Task item - Set the listing down again exactly, please, apart from its pictures.

= Beginning of Section =

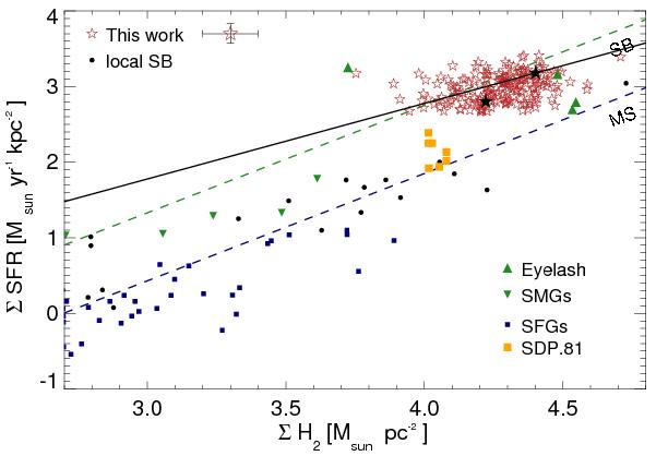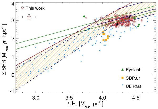 Left: spatially resolved Schmidt-Kennicutt law in PLCK G244.8+54.9 (red stars) and best fit relation (solid black line). The lower and upper black star indicate the luminosity-weighted average position of images #2.1 and #1.1, respectively. Other symbols indicate: submillimeter galaxies at z ~ 2 (green upside-down triangles, Bothwell et al. 2010), local starbursts (black circles, Kennicutt 1998), spatially-resolved data from the Eyelash (dark green triangles Swinbank et al. 2011) and SDP.81 (yellow squares, Hatsukade et al. 2015). The green and dark blue dashed lines indicate the Schmidt-Kennicutt relationship for high-z starburst galaxies and main sequence galaxies of Daddi et al. (2010), respectively. All star-formation rates are given for a Chabrier initial mass function, and are a factor 1.8 lower than in many other figures showing the Schmidt-Kennicutt relationship (see text for details). Right: same Schmidt-Kennicutt diagram, showing the position of maximum starbursts in several models, and the position of the Ruby relative to them. Light blue circles indicate nearby Eddington-limited starbursts (Andrews & Thompson 2011). The dark green solid lines show the mechanical input from stellar winds and supernova remnants for 100% and 50% efficiency, respectively. The dark blue lines and yellow hatched region show the models of Andrews & Thompson (2011) for an Eddington-limited starburst with a range of opacities between 10 and 30 cm2 g-1. Solid lines show the optically thick limit above the critical gas-mass surface density for the optically thick case, dashed lines the optically thin case below that limit. The solid blue line shows the relationship of Ostriker & Shetty (2011), also for optically thick and optically thin gas. The red line shows the model of Faucher-Giguère et al. (2013).
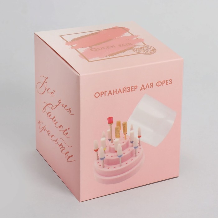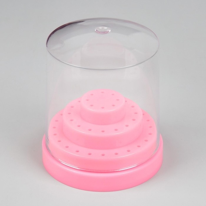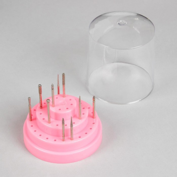 Подставка под фрезы, круглая, 48 отделений, d = 8 × 9,5 см, с крышкой, в картонной коробке, цвет розовый
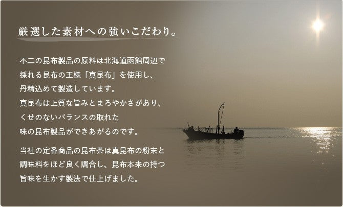 This exceptional tea is meticulously sourced by 不二食品株式会社 (Fuji Foods), a distinguished, award-winning kombu artisan house rooted in Osaka's centuries-old tradition of seaweed craftsmanship.
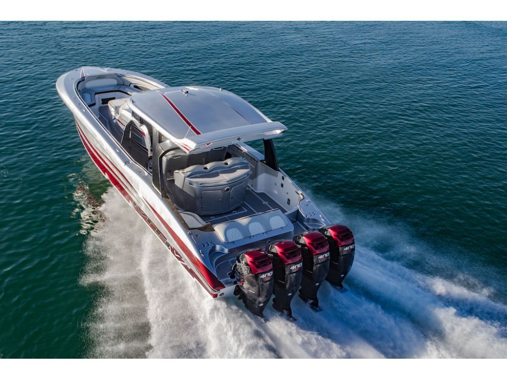MTI's stepped Deep V hull design ventilates the hull and traps a boundary layer of air under the hull and between the twin keels. With the added bow flare, the MTI-V 42 is extremely dry riding even in extreme conditions in both head and following seas.
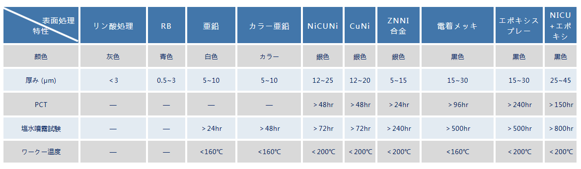 >> 無機系コーティング:ユニクロメッキ、カラー亜鉛メッキ、ニッケルメッキ、NICUNIメッキ、ZnNi合金メッキ
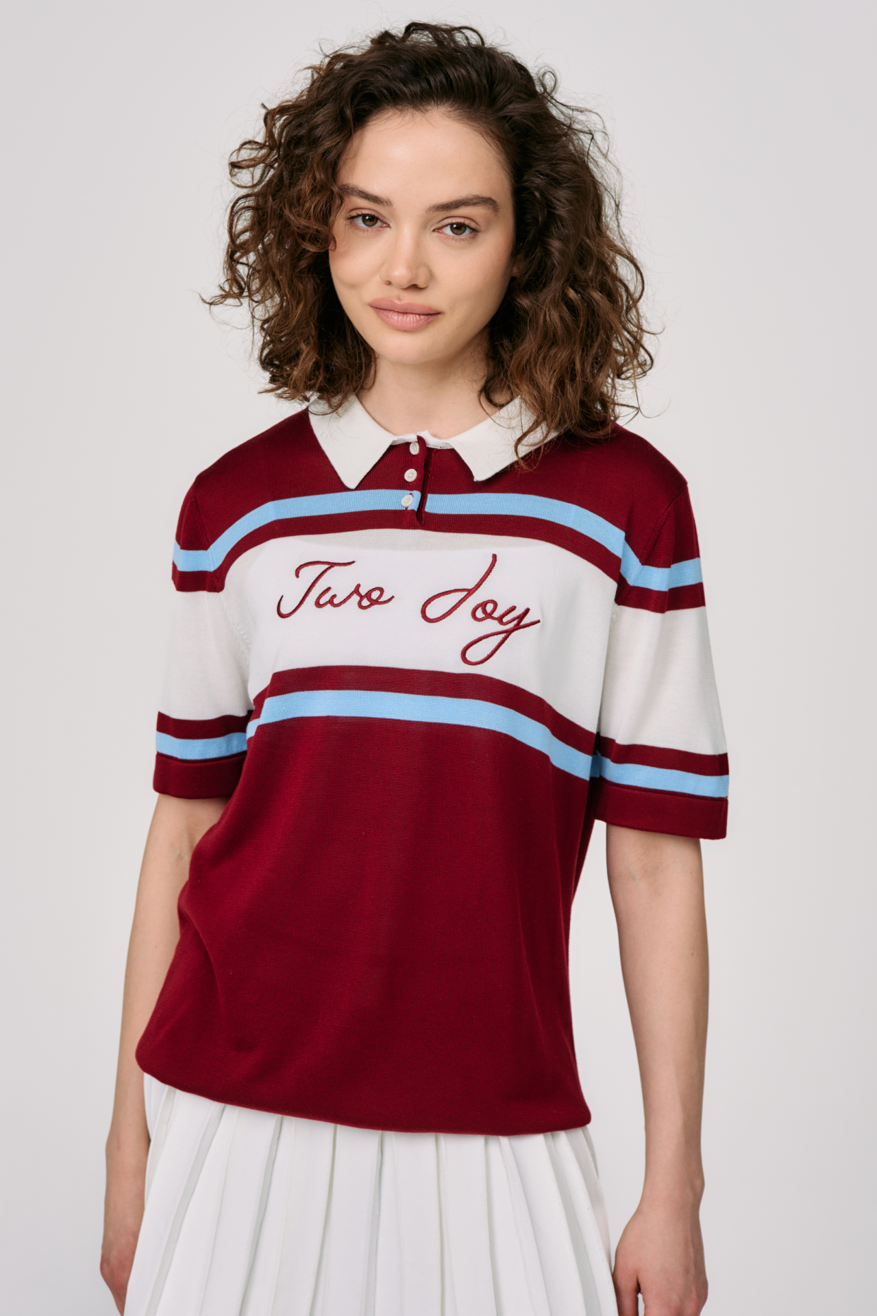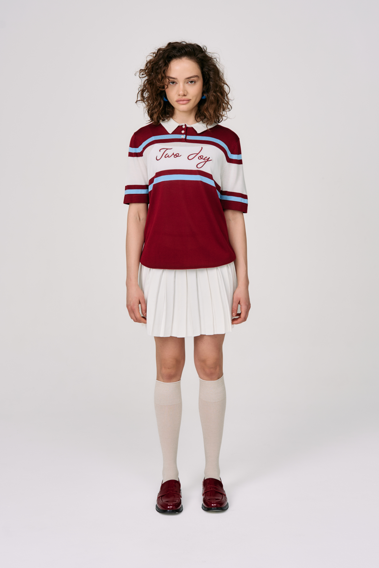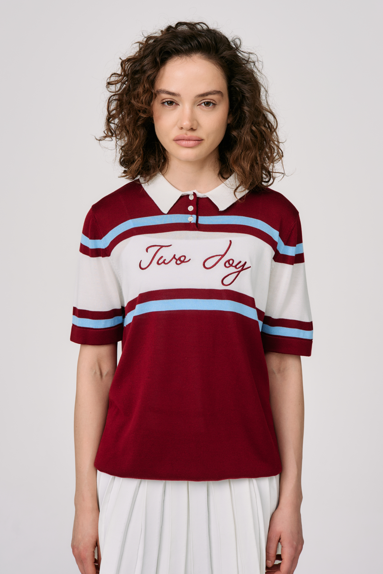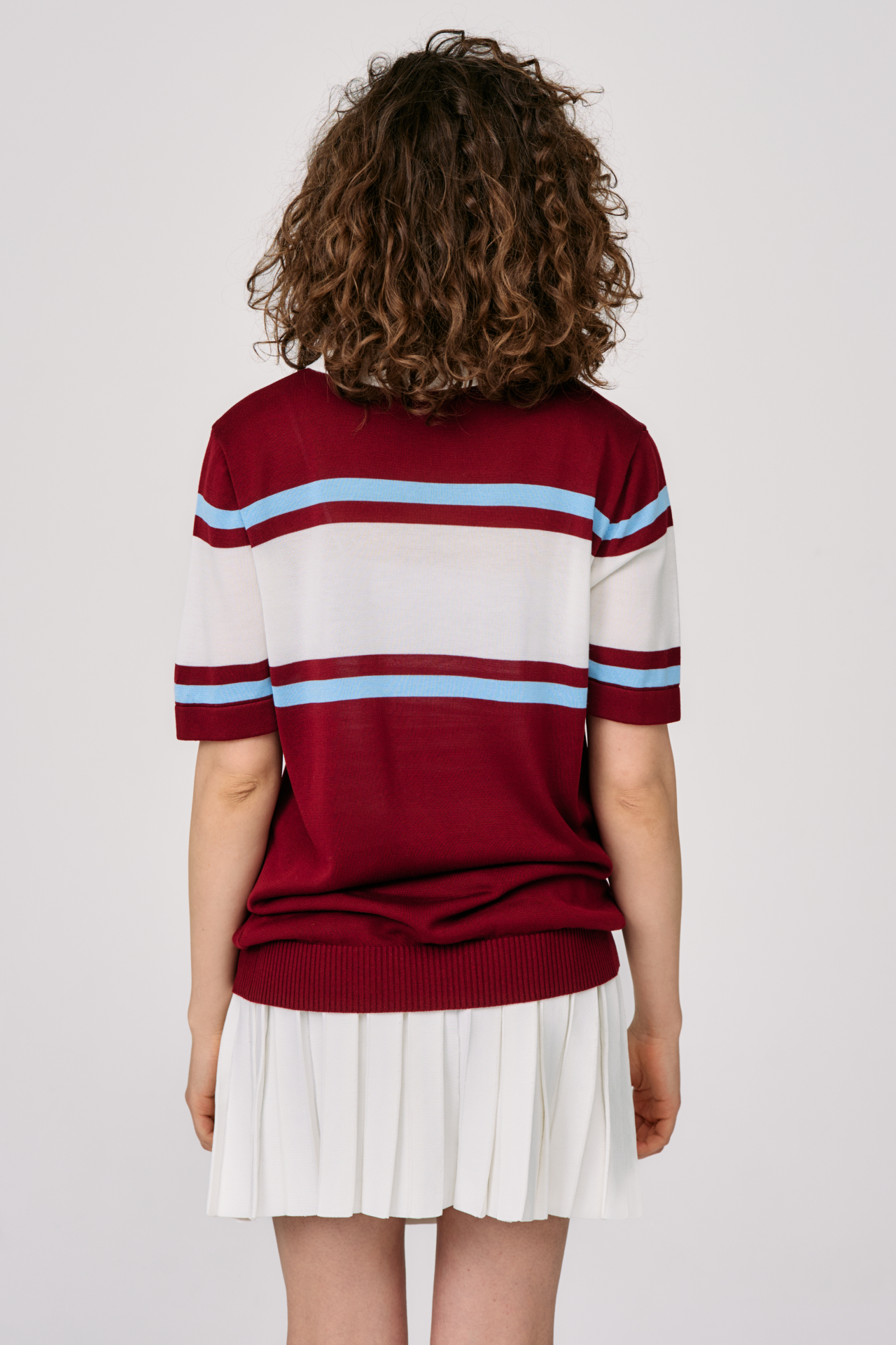 Ruby Tempo — трикотажное поло с графичным полосатым рисунком, вдохновлённым эстетикой винтажной спортивной формы и университетских команд. Контрастные линии создают динамичный ритм, а насыщенный рубиновый оттенок делает модель ярким акцентом образа.

= End of Section =

Response to this task -
 Left: spatially resolved Schmidt-Kennicutt law in PLCK G244.8+54.9 (red stars) and best fit relation (solid black line). The lower and upper black star indicate the luminosity-weighted average position of images #2.1 and #1.1, respectively. Other symbols indicate: submillimeter galaxies at z ~ 2 (green upside-down triangles, Bothwell et al. 2010), local starbursts (black circles, Kennicutt 1998), spatially-resolved data from the Eyelash (dark green triangles Swinbank et al. 2011) and SDP.81 (yellow squares, Hatsukade et al. 2015). The green and dark blue dashed lines indicate the Schmidt-Kennicutt relationship for high-z starburst galaxies and main sequence galaxies of Daddi et al. (2010), respectively. All star-formation rates are given for a Chabrier initial mass function, and are a factor 1.8 lower than in many other figures showing the Schmidt-Kennicutt relationship (see text for details). Right: same Schmidt-Kennicutt diagram, showing the position of maximum starbursts in several models, and the position of the Ruby relative to them. Light blue circles indicate nearby Eddington-limited starbursts (Andrews & Thompson 2011). The dark green solid lines show the mechanical input from stellar winds and supernova remnants for 100% and 50% efficiency, respectively. The dark blue lines and yellow hatched region show the models of Andrews & Thompson (2011) for an Eddington-limited starburst with a range of opacities between 10 and 30 cm2 g-1. Solid lines show the optically thick limit above the critical gas-mass surface density for the optically thick case, dashed lines the optically thin case below that limit. The solid blue line shows the relationship of Ostriker & Shetty (2011), also for optically thick and optically thin gas. The red line shows the model of Faucher-Giguère et al. (2013).
 Подставка под фрезы, круглая, 48 отделений, d = 8 × 9,5 см, с крышкой, в картонной коробке, цвет розовый
 This exceptional tea is meticulously sourced by 不二食品株式会社 (Fuji Foods), a distinguished, award-winning kombu artisan house rooted in Osaka's centuries-old tradition of seaweed craftsmanship.
MTI's stepped Deep V hull design ventilates the hull and traps a boundary layer of air under the hull and between the twin keels. With the added bow flare, the MTI-V 42 is extremely dry riding even in extreme conditions in both head and following seas.
 >> 無機系コーティング:ユニクロメッキ、カラー亜鉛メッキ、ニッケルメッキ、NICUNIメッキ、ZnNi合金メッキ
 Ruby Tempo — трикотажное поло с графичным полосатым рисунком, вдохновлённым эстетикой винтажной спортивной формы и университетских команд. Контрастные линии создают динамичный ритм, а насыщенный рубиновый оттенок делает модель ярким акцентом образа.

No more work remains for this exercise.